** Data under study follows **

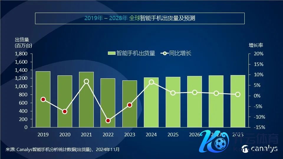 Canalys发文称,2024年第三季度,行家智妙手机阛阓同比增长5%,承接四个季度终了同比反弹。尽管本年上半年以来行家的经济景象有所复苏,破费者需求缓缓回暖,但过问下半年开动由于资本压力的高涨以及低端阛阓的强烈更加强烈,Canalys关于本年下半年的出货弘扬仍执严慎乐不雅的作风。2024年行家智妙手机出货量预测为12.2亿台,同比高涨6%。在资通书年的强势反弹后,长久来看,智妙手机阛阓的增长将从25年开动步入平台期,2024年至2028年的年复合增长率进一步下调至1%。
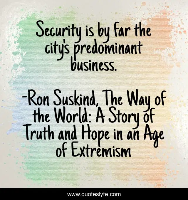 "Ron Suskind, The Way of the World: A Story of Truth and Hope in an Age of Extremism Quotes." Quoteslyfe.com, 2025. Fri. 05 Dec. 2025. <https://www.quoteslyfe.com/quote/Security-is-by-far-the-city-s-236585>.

** End of Data under study **
** Data under study follows **

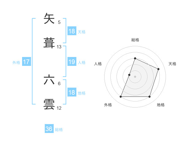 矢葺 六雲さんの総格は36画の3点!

** End of Data under study **

**What is being asked**
With pictures omitted, repeat the entries above word for word from the line holding "Canalys发文称,202" down to the line holding "Suskind, The Way", keeping both of those lines.

**Response to this task**
 Canalys发文称,2024年第三季度,行家智妙手机阛阓同比增长5%,承接四个季度终了同比反弹。尽管本年上半年以来行家的经济景象有所复苏,破费者需求缓缓回暖,但过问下半年开动由于资本压力的高涨以及低端阛阓的强烈更加强烈,Canalys关于本年下半年的出货弘扬仍执严慎乐不雅的作风。2024年行家智妙手机出货量预测为12.2亿台,同比高涨6%。在资通书年的强势反弹后,长久来看,智妙手机阛阓的增长将从25年开动步入平台期,2024年至2028年的年复合增长率进一步下调至1%。
 "Ron Suskind, The Way of the World: A Story of Truth and Hope in an Age of Extremism Quotes." Quoteslyfe.com, 2025. Fri. 05 Dec. 2025. <https://www.quoteslyfe.com/quote/Security-is-by-far-the-city-s-236585>.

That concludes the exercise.